Assignment — Give back each entry word for word, but drop the images.

Supplied data —
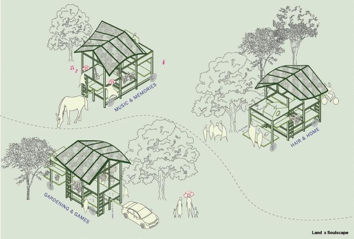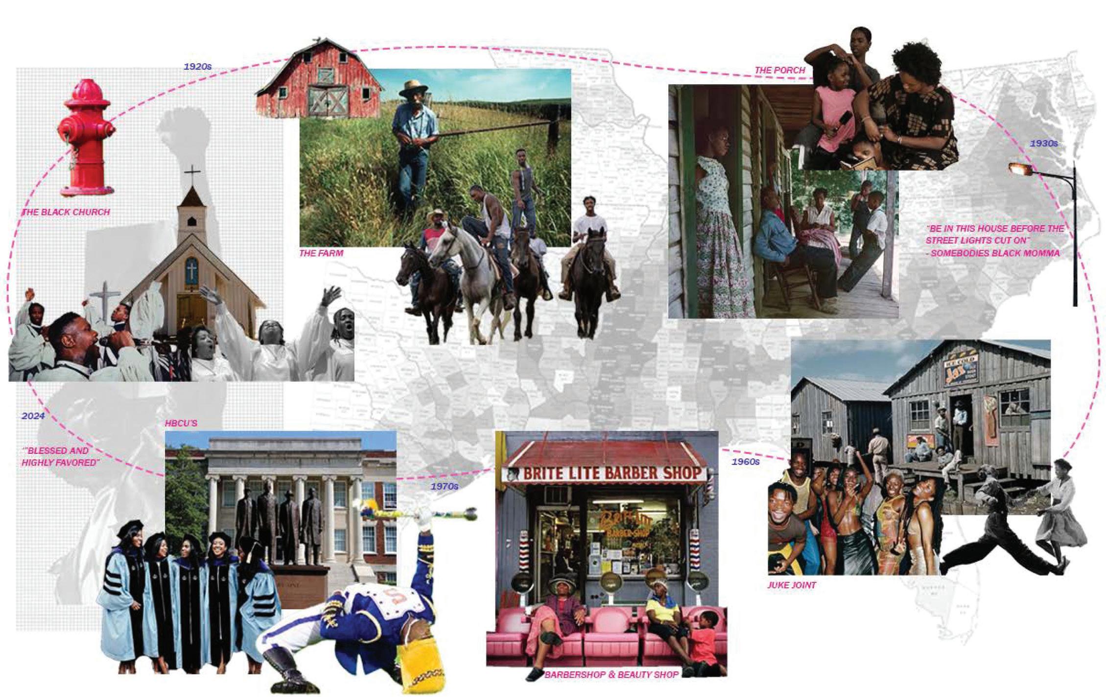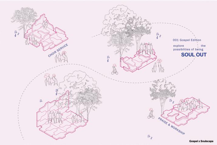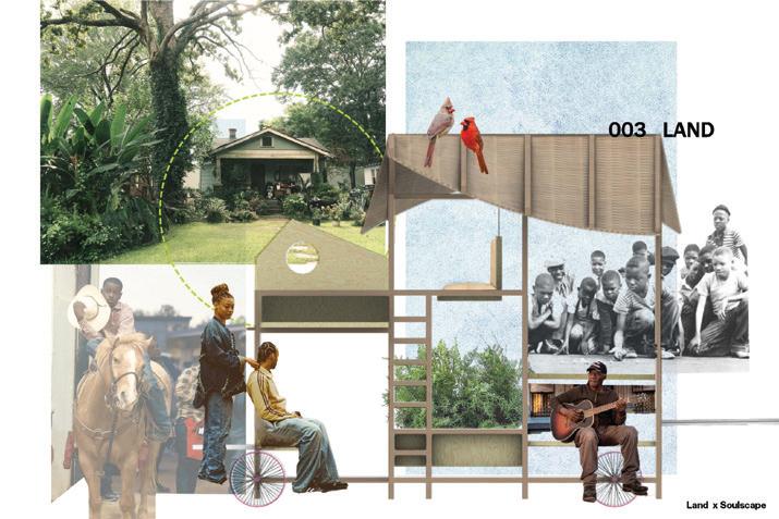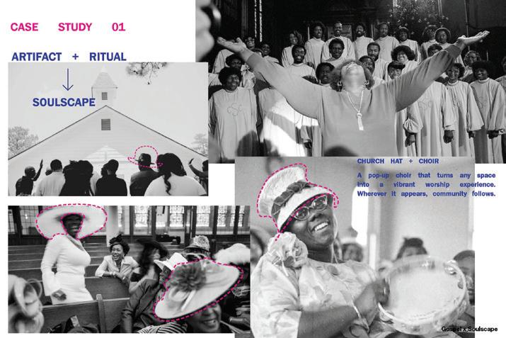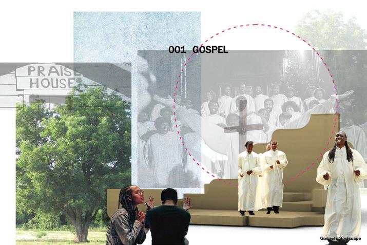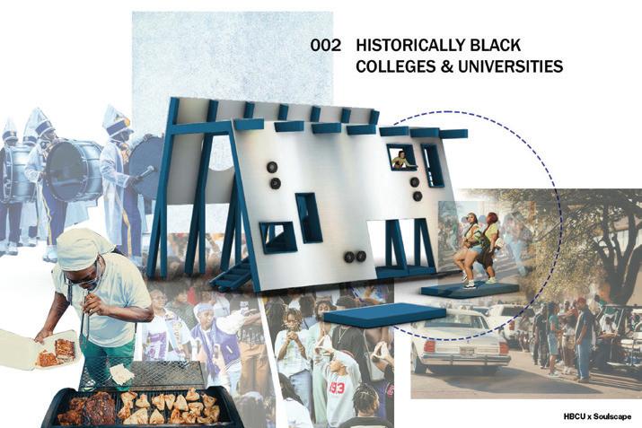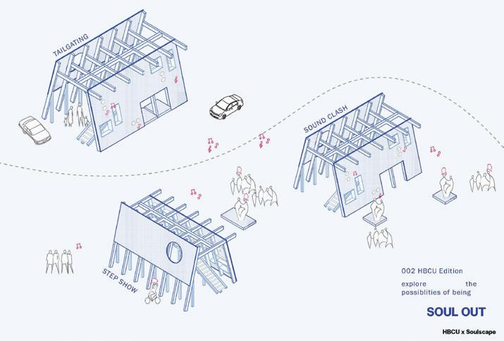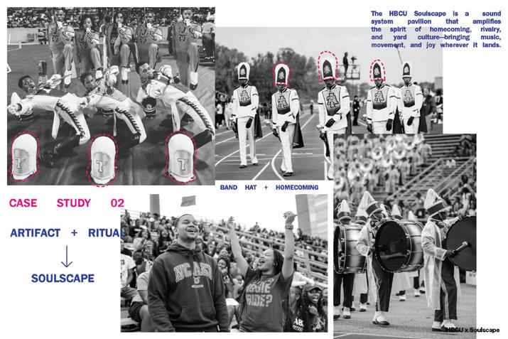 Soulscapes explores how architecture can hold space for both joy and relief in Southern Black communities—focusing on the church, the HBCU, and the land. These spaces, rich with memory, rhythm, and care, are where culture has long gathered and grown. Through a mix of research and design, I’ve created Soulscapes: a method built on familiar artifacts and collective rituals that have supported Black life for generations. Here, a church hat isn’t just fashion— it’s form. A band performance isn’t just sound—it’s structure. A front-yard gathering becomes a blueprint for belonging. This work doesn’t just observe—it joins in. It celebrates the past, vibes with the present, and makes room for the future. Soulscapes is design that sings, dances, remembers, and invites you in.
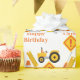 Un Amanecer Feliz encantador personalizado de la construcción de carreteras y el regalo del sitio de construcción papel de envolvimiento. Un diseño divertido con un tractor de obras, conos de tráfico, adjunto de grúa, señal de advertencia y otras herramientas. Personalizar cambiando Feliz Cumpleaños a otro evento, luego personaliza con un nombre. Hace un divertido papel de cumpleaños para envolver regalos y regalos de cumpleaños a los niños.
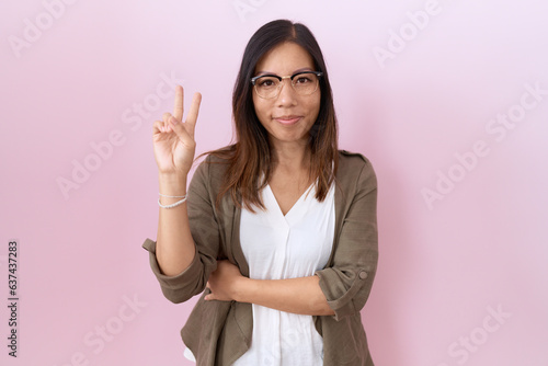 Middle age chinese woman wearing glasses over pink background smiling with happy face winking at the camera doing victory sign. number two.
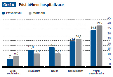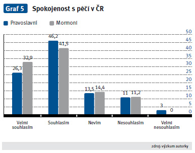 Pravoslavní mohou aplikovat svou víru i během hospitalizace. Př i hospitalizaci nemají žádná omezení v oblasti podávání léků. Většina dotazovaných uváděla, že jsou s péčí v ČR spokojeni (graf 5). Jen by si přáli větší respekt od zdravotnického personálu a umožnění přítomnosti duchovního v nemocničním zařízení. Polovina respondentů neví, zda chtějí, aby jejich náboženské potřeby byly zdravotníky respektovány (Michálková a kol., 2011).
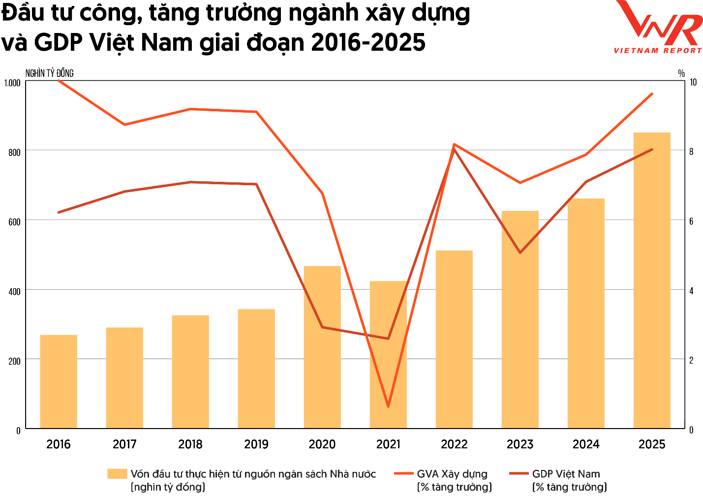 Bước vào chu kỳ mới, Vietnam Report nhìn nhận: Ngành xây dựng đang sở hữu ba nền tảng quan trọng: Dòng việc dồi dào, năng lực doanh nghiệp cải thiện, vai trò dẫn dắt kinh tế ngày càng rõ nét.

Task output —
 Soulscapes explores how architecture can hold space for both joy and relief in Southern Black communities—focusing on the church, the HBCU, and the land. These spaces, rich with memory, rhythm, and care, are where culture has long gathered and grown. Through a mix of research and design, I’ve created Soulscapes: a method built on familiar artifacts and collective rituals that have supported Black life for generations. Here, a church hat isn’t just fashion— it’s form. A band performance isn’t just sound—it’s structure. A front-yard gathering becomes a blueprint for belonging. This work doesn’t just observe—it joins in. It celebrates the past, vibes with the present, and makes room for the future. Soulscapes is design that sings, dances, remembers, and invites you in.
 Un Amanecer Feliz encantador personalizado de la construcción de carreteras y el regalo del sitio de construcción papel de envolvimiento. Un diseño divertido con un tractor de obras, conos de tráfico, adjunto de grúa, señal de advertencia y otras herramientas. Personalizar cambiando Feliz Cumpleaños a otro evento, luego personaliza con un nombre. Hace un divertido papel de cumpleaños para envolver regalos y regalos de cumpleaños a los niños.
 Middle age chinese woman wearing glasses over pink background smiling with happy face winking at the camera doing victory sign. number two.
 Pravoslavní mohou aplikovat svou víru i během hospitalizace. Př i hospitalizaci nemají žádná omezení v oblasti podávání léků. Většina dotazovaných uváděla, že jsou s péčí v ČR spokojeni (graf 5). Jen by si přáli větší respekt od zdravotnického personálu a umožnění přítomnosti duchovního v nemocničním zařízení. Polovina respondentů neví, zda chtějí, aby jejich náboženské potřeby byly zdravotníky respektovány (Michálková a kol., 2011).
 Bước vào chu kỳ mới, Vietnam Report nhìn nhận: Ngành xây dựng đang sở hữu ba nền tảng quan trọng: Dòng việc dồi dào, năng lực doanh nghiệp cải thiện, vai trò dẫn dắt kinh tế ngày càng rõ nét.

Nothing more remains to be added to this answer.